Positional Encoding

Natural language processing (NLP) relies heavily on understanding the sequence and order of words to derive meaning from text. While traditional models like Recurrent Neural Networks (RNNs) naturally handle sequential data by processing one token at a time, Transformers, with their parallel processing capability, inherently lack sensitivity to the sequence of input tokens. This is where positional encoding plays an important role, providing the Transformer model with a mechanism to understand the order of words in a sequence.

Positional encoding is a technique used to inject information about the position of tokens in a sequence directly into the input embeddings. This is achieved by adding a set of vectors to the input embeddings, each corresponding to a position in the sequence. Unlike RNNs, which capture positional information through their iterative structure, Transformers make use of these encodings to maintain positional context.

Mathematically, positional encodings can be understood as a set of sinusoidal functions applied to each position in the sequence. The formulation is as follows, where $pos$ is the position, $i$ is the dimension, and $d_{\text{model}}$ is the model dimension:

PE_{(pos, 2i)} = \sin \left(\frac{pos}{10000^{\frac{2i}{d_{\text{model}}}}}\right)

PE_{(pos, 2i+1)} = \cos \left(\frac{pos}{10000^{\frac{2i}{d_{\text{model}}}}}\right)

Visualization of the sinusoidal positional encoding functions for the first 11 positions

This choice of sinusoidal functions is not arbitrary. It allows the model to learn relative positions because any linear shift in position results in a predictable phase shift in the sine and cosine outputs. This property helps the model in generalizing to longer sequences or sequences with unseen lengths.

Let's look into a brief Python code snippet that shows how to generate positional encodings:

import numpy as np

def positional_encoding(max_len, d_model):
    position = np.arange(max_len)[:, np.newaxis]
    div_term = np.exp(np.arange(0, d_model, 2) * -(np.log(10000.0) / d_model))
    pe = np.zeros((max_len, d_model))
    pe[:, 0::2] = np.sin(position * div_term)
    pe[:, 1::2] = np.cos(position * div_term)
    return pe

# Example usage
max_len = 100
d_model = 512
pos_encoding = positional_encoding(max_len, d_model)
print(pos_encoding.shape)  # Should output (100, 512)

In this snippet, max_len represents the maximum sequence length, and d_model is the dimensionality of the model's input embeddings.

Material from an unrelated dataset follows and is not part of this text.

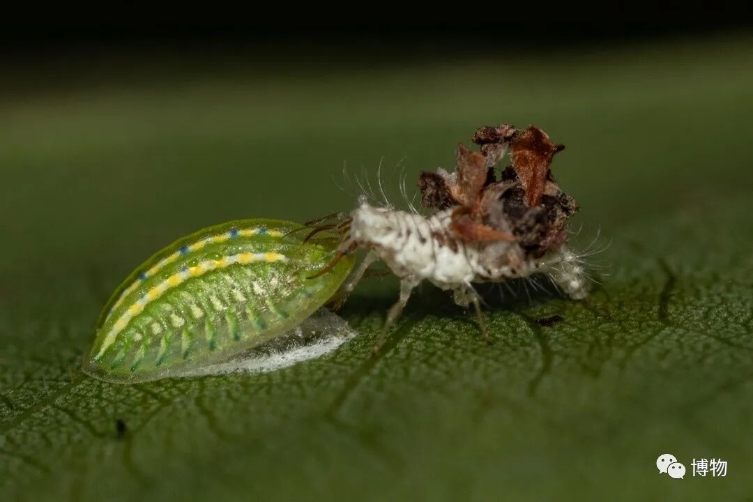一只背着垃圾伪装自己的蚜狮正准备享用刺蛾幼虫

The function positional_encoding generates a matrix where each row corresponds to the positional encoding of a particular position in the sequence.

Integrating these encodings into the Transformer model involves simply adding them to the input embeddings before feeding them into the subsequent layers. This addition is performed element-wise, ensuring that the positional information is smoothly blended with the semantic information in the embeddings.

The choice of using sinusoidal encodings, as opposed to learned encodings, is motivated by their ability to generalize to inputs longer than those encountered during training. This is particularly useful when dealing with sequences of varying lengths, a common scenario in NLP tasks.

In summary, positional encoding is a key part of the Transformer architecture, bridging the gap between its parallel processing prowess and the need for sequential understanding. By incorporating positional encodings, Transformers effectively capture the order of tokens, enabling them to achieve remarkable performance across a wide array of NLP tasks. As you continue to explore the details of Transformer models, understanding and using positional encoding will help you implement and optimize these powerful systems.